Zander Schloss,Circle Jerks,punk,rock,interview




               
Without the availability of an environment more conducive to conducting an interview, we planted our asses on the concrete in front of a closed pizza joint (amidst the bustling traffic of mouse-eared tourists and cross-dressing punk clones) in downtown Orlando. From this vantage point we watched unnoticed as traffic passed us by. Seemingly the perfect place to chain smoke a pack of Camel Wides and have a chat about the origins of American punk rock and the strains of addiction.

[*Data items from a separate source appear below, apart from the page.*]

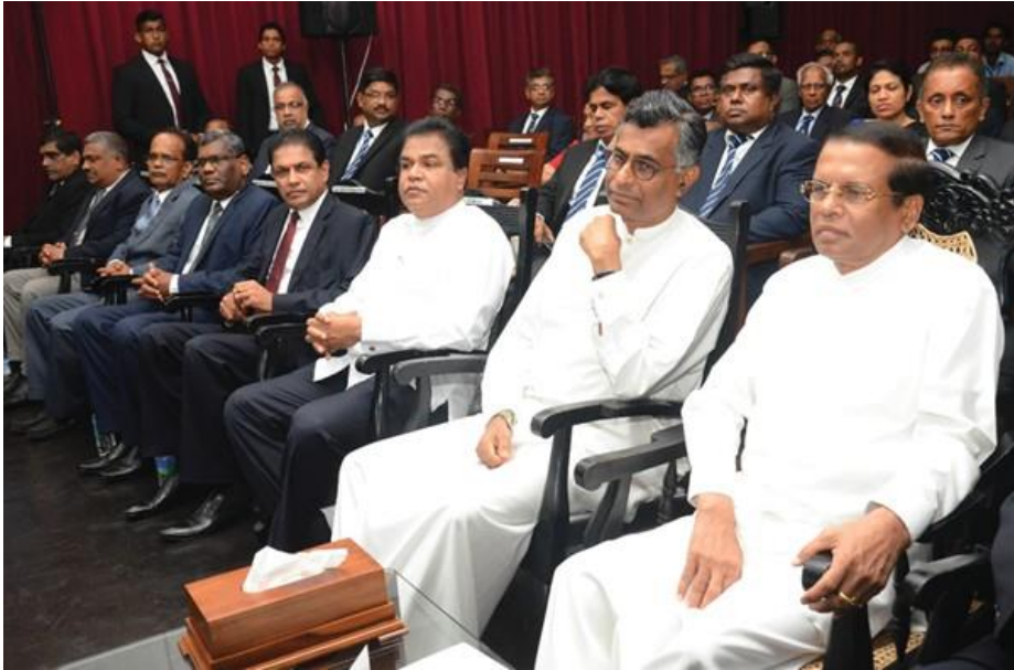
Invitees and Council Members
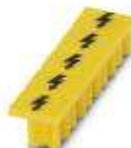
Warning cover, 5-pos., for terminal width: 5.2 mm

Zack Marker strip, flat - ZBF 5 CUS - 0825025
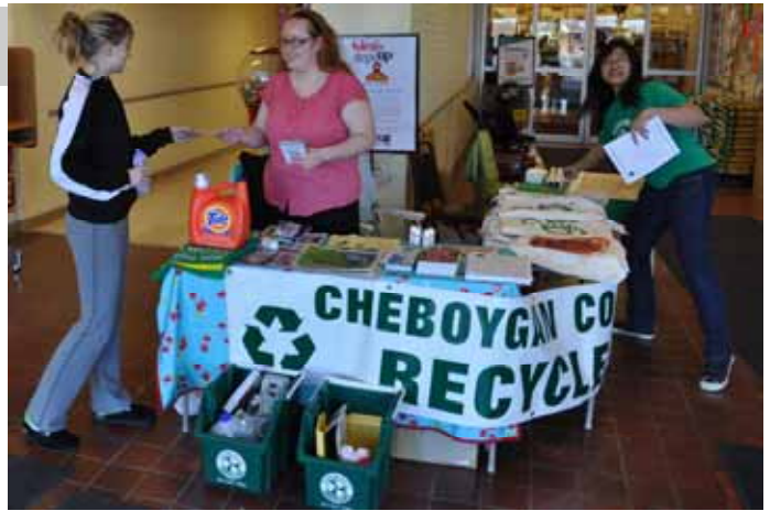
Recycling at Glens.

Please visit www.earthweekcheboygan.com for the full sponsor list and many photos. Coming together, we did it!
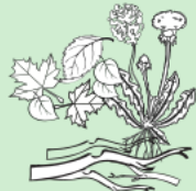
Yard waste and trimmings
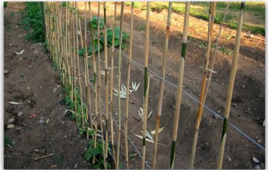
Pole beans on poles wired together
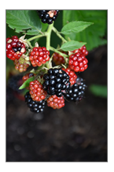
Chester Thornless Blackberry fruit

Chester Thornless Blackberry has rich green deciduous foliage on a plant with a spreading habit of growth. The fuzzy oval compound leaves do not develop any appreciable fall color. It features an abundance of magnificent black berries in mid summer.
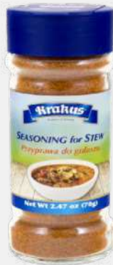
SEASONING FOR STEW PRZYPRAWA DO GULASZU 2.47 oz | 70 g | 6 units UPC# 820213136484
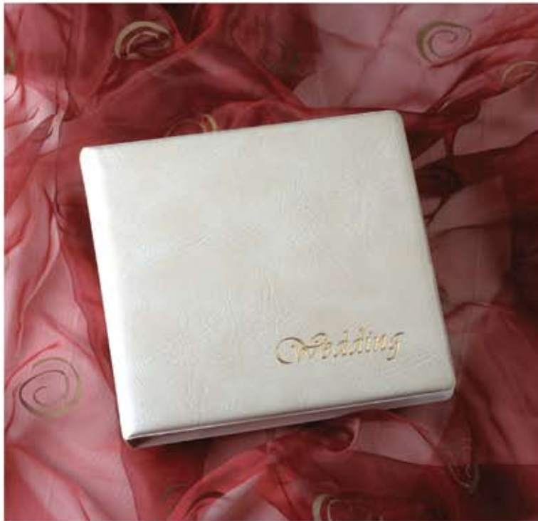
Massive range of traditional style albums
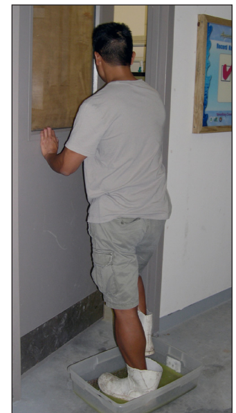
Figure 2. Footbath placed at the entrance to a room.

Footbaths. Commercial footbaths are available, but any shallow container or absorbent padded material can be used (Figs. 1–3) if managed properly. Virkon® Aquatic, chlorhexidine, or chlorine compounds (sodium or calcium hypochlorite) are commonly used, but chlorine is harsh on many materials. Virkon® Aquatic diluted according to instructions is considerably safer than chlorine products.
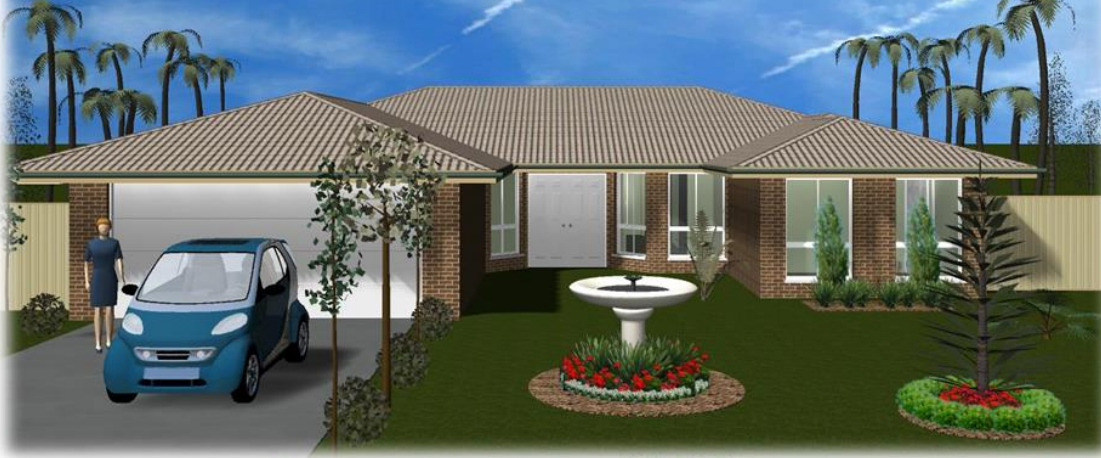
Artist Impression Front
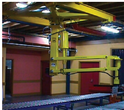
Trolley mounted WM used for servicing work cells with low headroom.
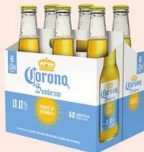
CORONA SUNBREW 0.0% ALCOHOL SELECTED VARIETIES 6X330 ML 21433615_C06
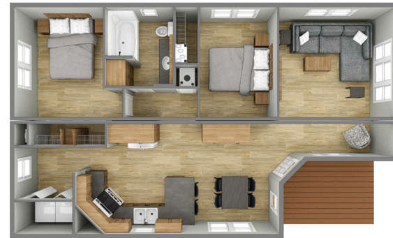
Paisley (P4212 + P4212) 972 SQFT
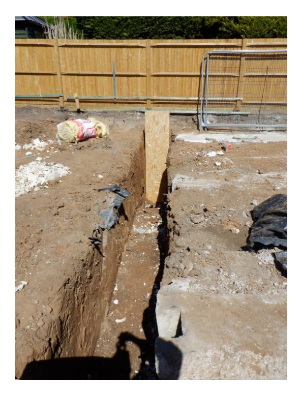
Plate 9. View of foundation trenches (looking NW)
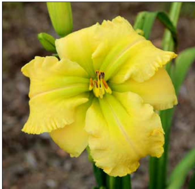
H. ‘ Anastasia ’ (Salter 1985)

red eyezone and a green throat, also won an HM in 1992, as did ‘ Spanish Glow ’ (1988), a 26", 5" warm peach self with a green throat. ‘ Magic Filigree ’ (1988), a 24", 6" lavender with a light amber halo and a yellow green throat, won an HM in 1993. ‘ Wyntoon ’ (1988), a 24", 6" lavender self with a green throat, won an HM in 1993, as did ‘ Well of Souls ’ (1988), a 26", 6" peach pink and lavender blend with a black purple eyezone above a green throat. ‘ Light of Heaven ’ (1988), a 24", 6" pale cream self with a green throat, won an AM in 1995. ‘ My Darling Clementine ’ (1988), a 21", 4.5" yellow self with a
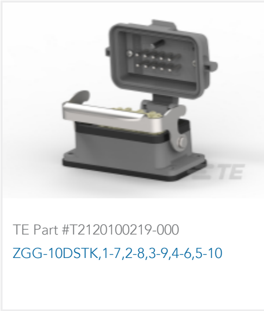
TE Part #T2120100219-000 ZGG-10DSTK,1-7,2-8,3-9,4-6,5-10
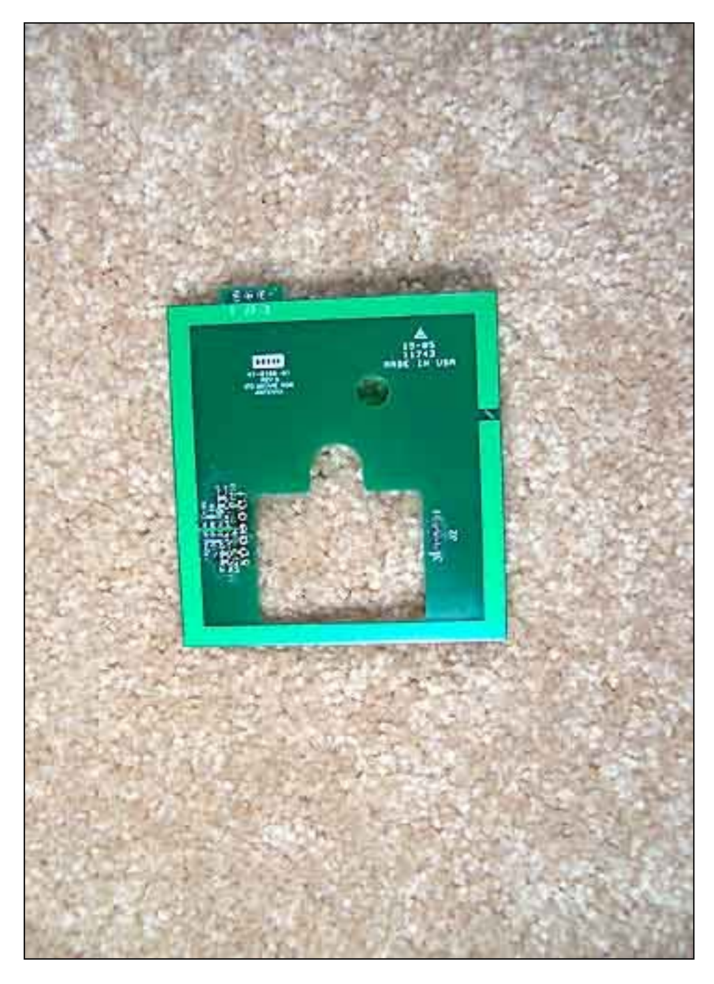
Antenna PCB Top
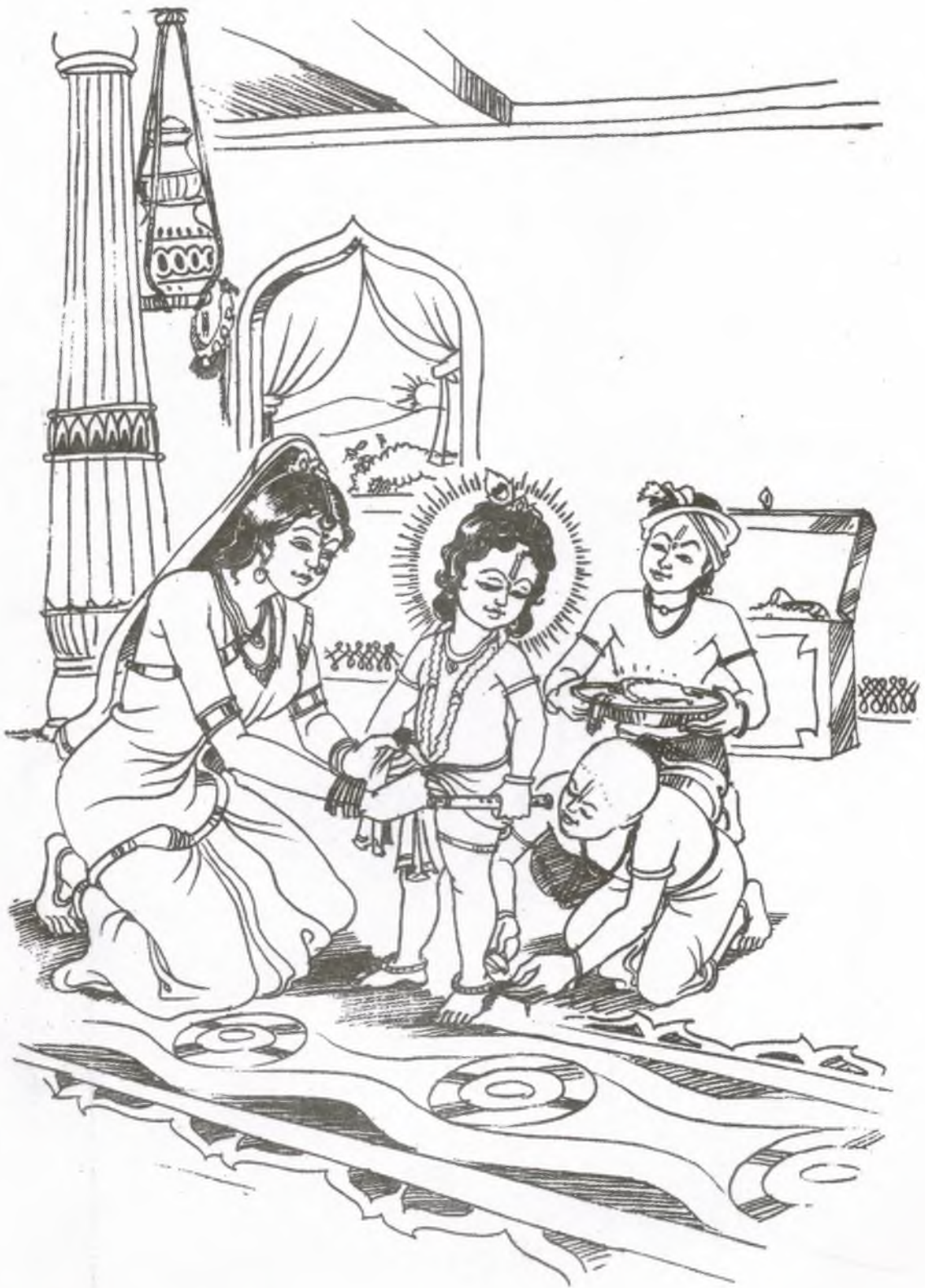
3. Daily Mother Yasoda bathes, dresses and decorates Krishna with nice clothes, jewellerys and ornaments. While she decorates Krishna, other boys would try to help put on Krishna's ankle bells etc.

We look like a couple of bums on skid row waiting to score a fix.
I haven't done drugs in 2 years.

No shit, you've been dry for 2 years?
Not dry, I'm in recovery. Dry is a totally different thing. Dry is when you abstain from drugs and alcohol altogether. You don't practice in following a program of recovery; which is one of the only cures there is, like Alcoholics Anonymous or Narcotics Anonymous. I happen to have a problem with heroin addiction, so I mainly attend Narcotics Anonymous. But it's a 12 step program, I'm sure you're aware of what it consists of.

I'll admit, (probably by definition) I'm a binge drinker maybe even a functional alcoholic, but I haven't made it to AA yet.
Well, it entails going to meetings. You know I went to detox with just the clothes on my back. Basically, I crashed a couple of cars, lost my job at the music conservatory, lost my job as a music writer, not to mention I burned down my place. I kind of reached the end of my rope. I didn't have any money. I didn't have a place to go. My fiancé at the time was also a heroin addict. She was trying to get straight and I was trying to get straight, but I couldn't and she could. So I went into detox and rehab for 30 days. Then I went to live in a halfway house for another 60 days with other drug addicts, ex-convicts and people who'd been otherwise institutionalized. Then I moved in with another recovery addict. Now I go to meetings and work the steps. You know, I have a sponsor and I have people I sponsor. This is like the 3rd or 4th time I tried to get some time away from it. The first time, I quit doing drugs I wasn't dry. I kept drinking, smoking pot and taking pills and stuff like that. I just stayed away from my drug of choice. It only took a suggestion from somebody when I was at a low point to go out and score some heroin and I was back on it. But now I've got two years of being clean and sober.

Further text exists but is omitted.